__Work order__: Leaving the pictures aside, write out the whole listing below exactly.

__Data below__:
-=-=-=-=-

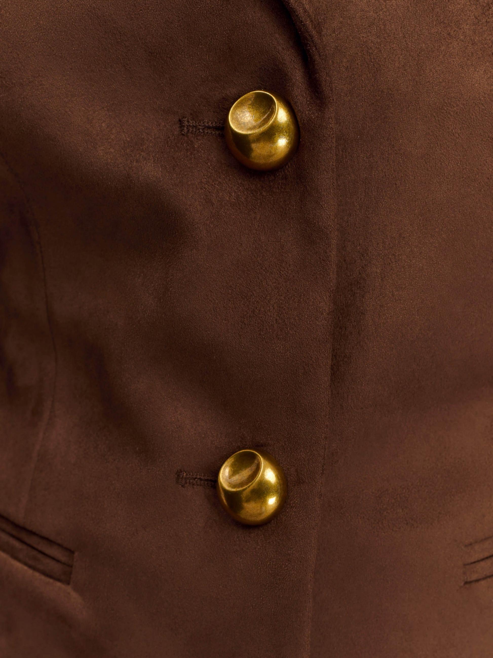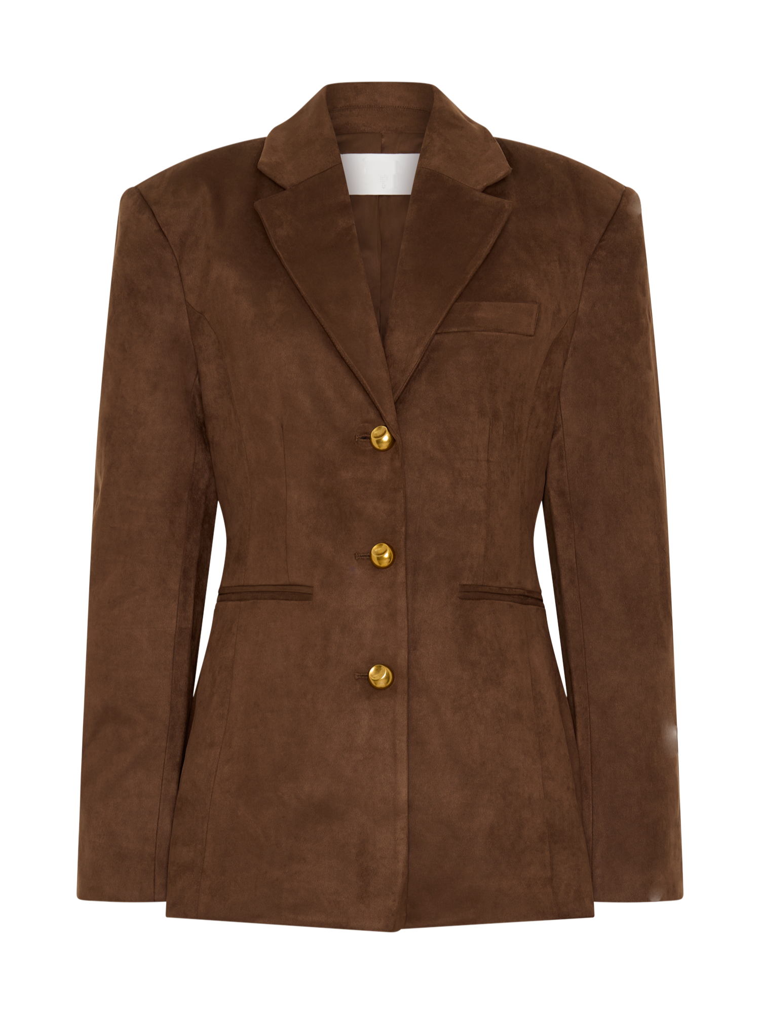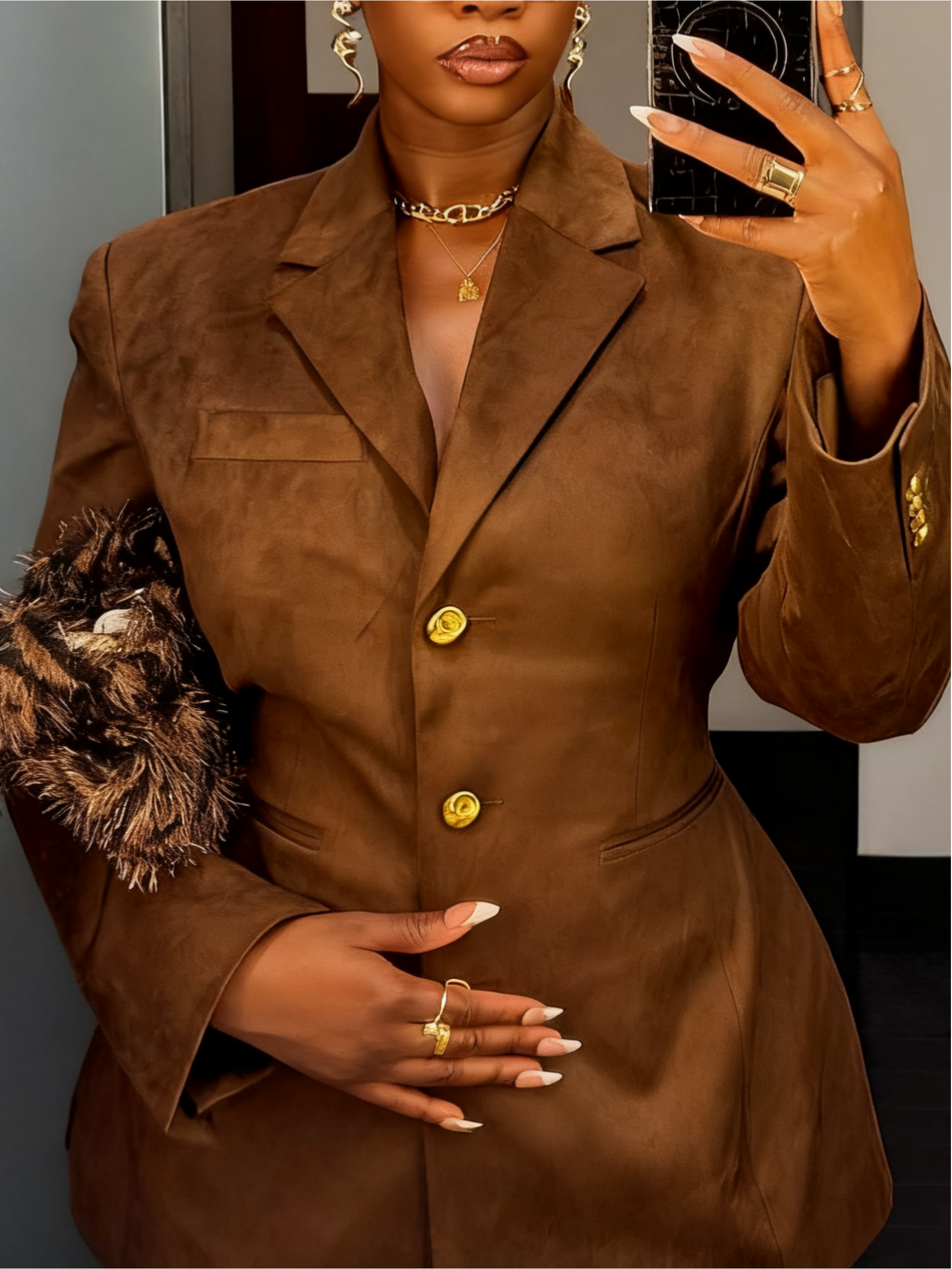 Less effort, more impact. The Faux Suede Cinched Blazer is the ultimate blend of structure and softness. Featuring a classic notched lapel, internal shoulder pads, and front button fastening, this blazer is elevated by a cinched waist and back belt detail that sculpts the silhouette. Functional breast and welt pockets add a touch of polish, while the full lining ensures a comfortable fit.
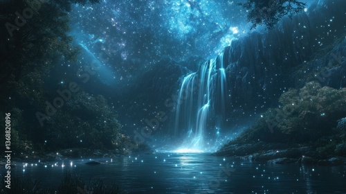 waterfall, starlight, night, fantasy, landscape, mystical, glowing, serene, tranquil, magical, forest, river, aethereal, cascade, nature, luminescence, dark, dreamy, galaxy, sparkling, peaceful, enchanted, timberland, celestial, cosmos, midnight, glimmering, nocturnal, pristine, secret, vista, idylli, shimmering, foliage, wilderness, water, calm, purity, harmony, beauty, scenic
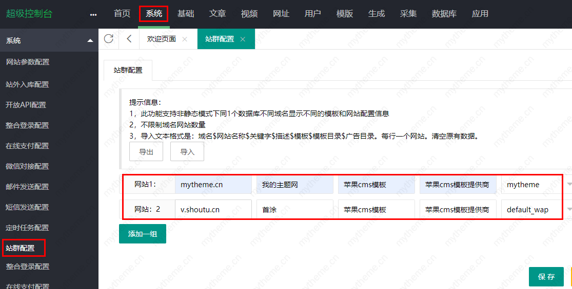 具体的操作使用步骤如下截图,进入到苹果cms系统后台,找到站群配置,然后进行域名添加,图中为你举了2个例子加以说明和理解。这里需要注意的是域名,这里添加的域名必须是你自己的域名而且解析在了同一个服务器上才可以这样使用。也可以参考我的主题网之前分享过的教程:多个域名打开同一个网站的设置方法

-=-=-=-=-

__Solution to this exercise__:
 Less effort, more impact. The Faux Suede Cinched Blazer is the ultimate blend of structure and softness. Featuring a classic notched lapel, internal shoulder pads, and front button fastening, this blazer is elevated by a cinched waist and back belt detail that sculpts the silhouette. Functional breast and welt pockets add a touch of polish, while the full lining ensures a comfortable fit.
 waterfall, starlight, night, fantasy, landscape, mystical, glowing, serene, tranquil, magical, forest, river, aethereal, cascade, nature, luminescence, dark, dreamy, galaxy, sparkling, peaceful, enchanted, timberland, celestial, cosmos, midnight, glimmering, nocturnal, pristine, secret, vista, idylli, shimmering, foliage, wilderness, water, calm, purity, harmony, beauty, scenic
 具体的操作使用步骤如下截图,进入到苹果cms系统后台,找到站群配置,然后进行域名添加,图中为你举了2个例子加以说明和理解。这里需要注意的是域名,这里添加的域名必须是你自己的域名而且解析在了同一个服务器上才可以这样使用。也可以参考我的主题网之前分享过的教程:多个域名打开同一个网站的设置方法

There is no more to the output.